● **Provided material**:
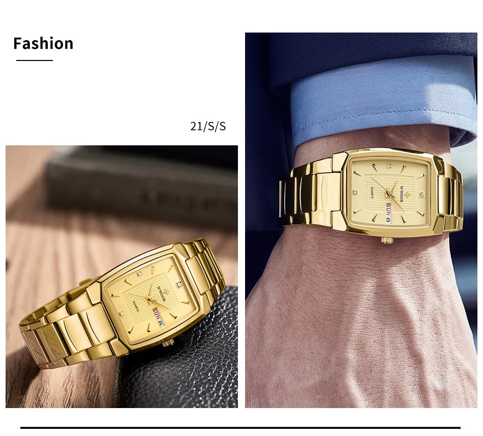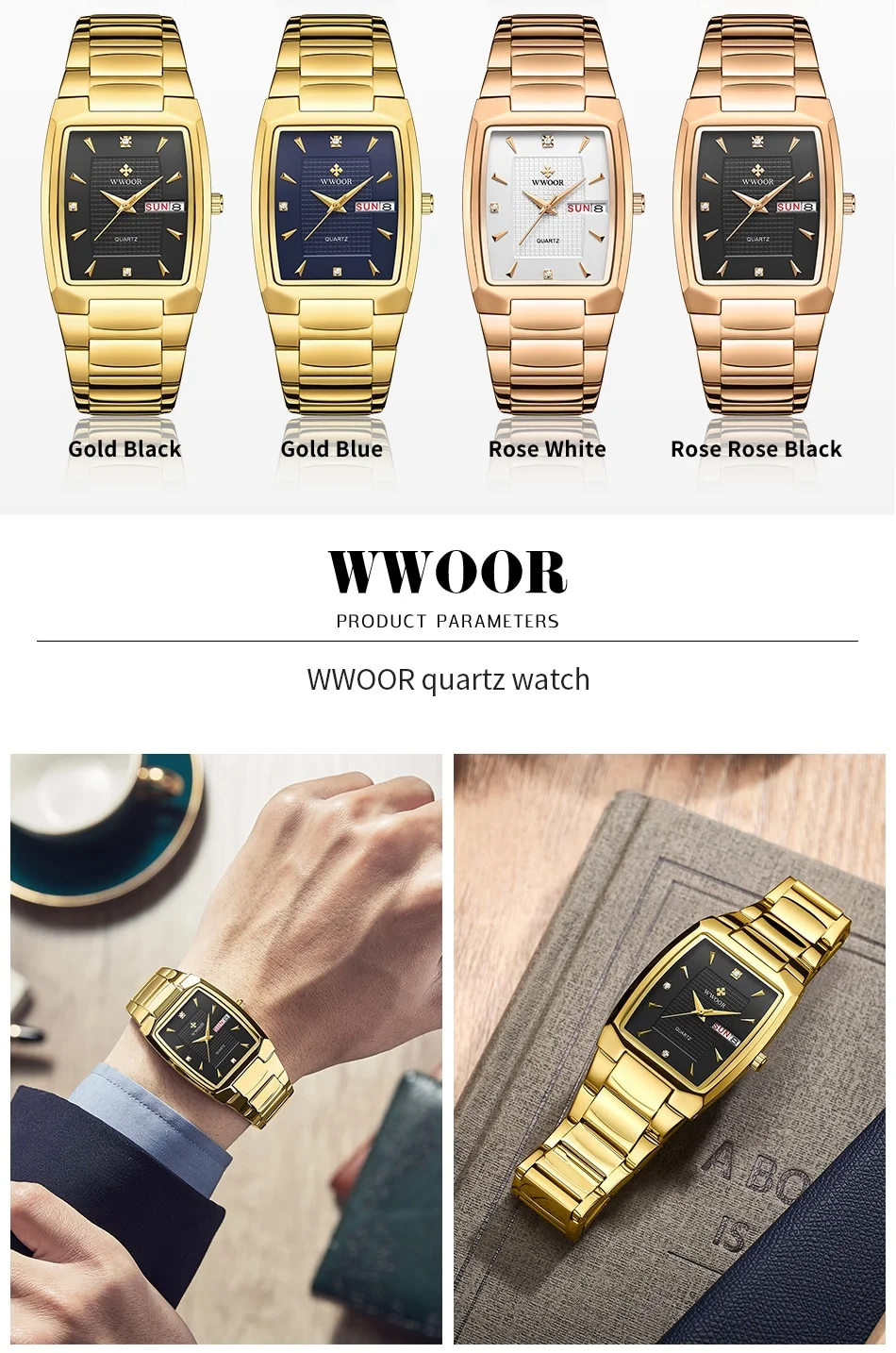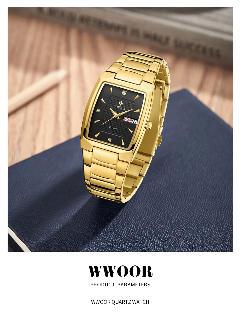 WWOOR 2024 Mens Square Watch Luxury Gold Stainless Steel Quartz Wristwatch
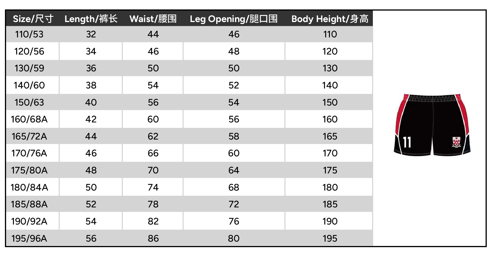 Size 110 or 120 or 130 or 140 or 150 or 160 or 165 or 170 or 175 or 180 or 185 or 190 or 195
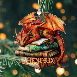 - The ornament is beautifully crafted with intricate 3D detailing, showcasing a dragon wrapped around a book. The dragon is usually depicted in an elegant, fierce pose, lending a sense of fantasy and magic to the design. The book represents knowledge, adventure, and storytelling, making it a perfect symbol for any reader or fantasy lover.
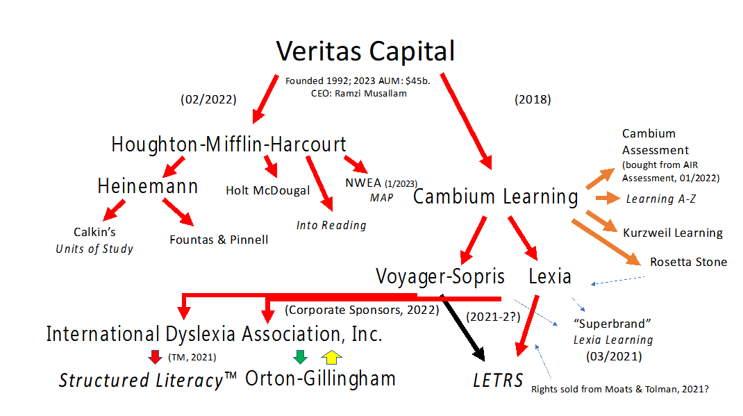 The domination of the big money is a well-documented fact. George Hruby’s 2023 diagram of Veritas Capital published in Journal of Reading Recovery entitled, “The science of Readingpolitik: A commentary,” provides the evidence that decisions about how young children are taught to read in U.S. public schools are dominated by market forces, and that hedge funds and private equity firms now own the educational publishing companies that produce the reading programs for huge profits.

● **Assignment**: Your reply should consist solely of the lines above from the line containing "Size 110 or" up to and including the line containing "- The ornament", reproduced exactly, minus the pictures.

● **Result of the exercise**:
 Size 110 or 120 or 130 or 140 or 150 or 160 or 165 or 170 or 175 or 180 or 185 or 190 or 195
 - The ornament is beautifully crafted with intricate 3D detailing, showcasing a dragon wrapped around a book. The dragon is usually depicted in an elegant, fierce pose, lending a sense of fantasy and magic to the design. The book represents knowledge, adventure, and storytelling, making it a perfect symbol for any reader or fantasy lover.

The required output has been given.